Substrates used for the production of erythritol by various groups of microorganisms include glucose or fructose. Most often used as the main source of carbon, glucose (dextrose) is obtained from wheat or corn starch as a result of the chemical or enzymatic hydrolysis of these products. Other substrates used are pure sucrose, as well as molasses or sugar cane juice containing it. However, it should be noted that the application of disaccharides is limited by the inability of individual yeast species to hydrolyze O-glycosidic bonds [9,19]. Studies conducted on the biosynthesis of erythritol by Y. lipolytica have shown that glycerol can be successfully used in this process [18,20]. Glycerol became a particularly popular substrate in biotechnological processes between 2000 and 2010 due to the increased production of biodiesel, which resulted in significant surpluses of glycerol in both the EU and the USA. Together with overestimated production forecasts for this biofuel, this led to a decline in glycerol prices from approximately USD 3.2/kg to below USD 0.5/kg in the EU. The current prices of glycerol vary depending on its type and region, but it is generally around USD 0.17/kg [21]. The surplus in glycerol has also spurred the development of new technologies for transforming it into high-value products. Currently, glycerol is primarily used as an intermediate chemical for various products such as cosmetics, food, and pharmaceuticals [22]. In recent years, the price of glucose has been characterized by mild fluctuations and slight declines in both import and export prices. The market report [23] estimates the global industrial glucose market size was approximately USD 40 billion in 2022, indicating significant market demand and its utilization in various industries such as food, pharmaceuticals, and fermentation processes. The market price of glucose for biotechnological applications appears to range from approximately USD 0.10/kg to USD 0.26/kg, which currently makes it a very competitive substrate in relation to glycerol [24,25,26]. However, so far, only limited reports are available on the use of glucose for the production of this polyhydric alcohol using the yeast Y. lipolytica [20,27,28,29].

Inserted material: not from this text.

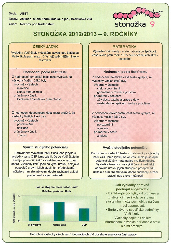 Jejich výsledky byly výborné, umístili se mezi 10% nejúspěšnějších škol.

Our previous research indicated that the Wratislavia K1 strain is particularly predisposed to the production of erythritol from glycerol, not only due to good parameters of the biosynthetic process but also because it does not utilize erythritol, a feature not found in wild strains [20]. However, initial research on the production of erythritol from glucose was not satisfactory, which led to a planned process of improving this yeast strain using UV radiation mutagenesis. UV mutagenesis is a relatively easy and quick method that allows for the generation of a large number of mutants with altered metabolic characteristics [30,31]. It should be noted, however, that these changes are random and do not guarantee the improvement of a specific biosynthetic pathway; therefore, the obtained pool of strains must be verified each time in terms of suitability for the production of a specific compound.

The aim of this study was to assess the effectiveness and efficiency of erythritol production from glucose using newly obtained UV mutants of the yeast Yarrowia lipolytica.

2. Results and Discussion

2.1. UV Mutagenesis and Preliminary Characterization of New Strains

The Y. lipolytica Wratislavia K1 strain used in the present study is an acetate mutant isolated from the culture of the yeast Y. lipolytica Wratislavia 1.31 under chemostat conditions, and its history was described in detail previously by Rywińska et al. [32]. In the first stage of the present study, the Wratislavia K1 strain was subjected to mutagenesis using UV, with the intention of improving the efficiency of the glucose-to-erythritol conversion. The mutagenesis process has been successfully applied before to improve the erythritol biosynthesis process, but new strains were tested only when glycerol was used as the sole source of carbon and energy [33,34]. The effect of exposure time on the survival of the Wratislavia K1 strain is shown in Figure 1. After 1 min of exposure, the population reduction rate was very high: 70% (Figure 1). After 5 min, only about 0.2% of live cells remained in the irradiated suspension. In a similar experiment, conducted for the same strain but using different station parameters and a higher power of lamp, after 20 s of exposure, the population reduction rate was 54.2%. In the case of the Wratislavia 1.31 strain, after 10 s of exposure, the reduction rate was 76% [35], which indicates that the sensitivity to UV radiation depends on the strain and the radiation power. In this study, the mutagenization process was carried out by irradiating cells of the Wratislavia K1 strain for a time, giving a cell survival rate of approximately 0.1% (5, 10, 15, and 30 min) (Figure 1). After mutagenization, eight cultures with various morphologies and colony sizes were isolated and then tested for their ability to grow and the efficiency of erythritol utilization (Table 1 and Table S1).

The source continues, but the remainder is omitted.